IMF asks Rwanda to pursue 'more decisive monetary policy tightening'

Wednesday April 05 2023
The International Monetary Fund

The International Monetary Fund who on April 4, 2023 agreed with Rwandan authorities to raise interest rates to complete the initial reviews of programmes meant to curb the country's surging inflation, paving way for the release of $74.6 million in May. PHOTO | OLIVIER DOULIERY | AFP


The International Monetary Fund (IMF) has directed Rwanda’s National Bank (NBR) to raise interest rates to contain the surging inflationary pressures in the economy ahead of the release of the $74.6 million financing next month.

The funding for budgetary support is part of the country’s Policy Co-ordination Instrument (PCI) programme and the Resilience and Sustainability Facility (RSF) which IMF approved on December 12, 2022.

The IMF staff and the Rwandan authorities have already reached an agreement on policies needed to complete the initial reviews of the programme paving way for the release of RWF81.63 million ($74.6 million) subject to approval by the IMF Executive Board in May.

The agreement followed the conclusion of an IMF mission in Rwanda led by Haimanot Teferra from March 22 to April 4 to discuss the first reviews of the PCI programme and RSF.

Read: IMF revises global growth projections

“Performance under the programme has been strong. All quantitative targets for end of December 2022 have been met and all reform targets under the PCI and reform measures under the RSF envisaged for the first reviews are progressing well and expected to be completed ahead of the executive board discussion,” said Ms Teferra in a statement on Tuesday.


National Bank of Rwanda headquarters in Kigali. PHOTO | NMG

Rwanda economy vulnerable

However, IMF noted that the Rwandan government needs to continue implementing a credible fiscal consolidation plan coupled with a tighter monetary policy stance while allowing for greater exchange rate flexibility in order to ensure a stable macroeconomic environment.

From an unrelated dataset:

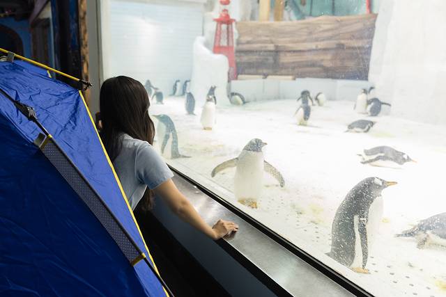 晚上夜宿在极地世界,与企鹅比邻而居,也是非常难忘的体验吧。

According to the fund, the Rwandan economy remains vulnerable to the shock-prone external environment and the authorities will need to urgently further tighten the fiscal and monetary policies to rebuild policy buffers.

“Another spike in global energy and fertiliser prices, a steeper decline in trading partners’ growth or global financial market as well as geopolitical developments that adversely affect the availability of concessional resources will further strain external buffers and limit the policy space to confront development challenges and address climate change,” the fund said.

Read: Firms in EAC pause layoffs amid optimism

“The National Bank of Rwanda should pursue a more decisive monetary policy tightening to contain inflationary pressures and promote exchange rate flexibility to ensure external stability,” IMF added.

According to IMF, data-dependent monetary policy and strengthening communication would help to contain the second round effects and anchor inflation expectations.

“Greater exchange rate flexibility remains key to safeguarding reserves while foreign exchange market interventions should be guided by a robust policy framework. Reforms to enhance monetary policy operations and deepen money as well as government securities market would need to be accelerated to improve the efficiency of monetary policy transmission,” it said.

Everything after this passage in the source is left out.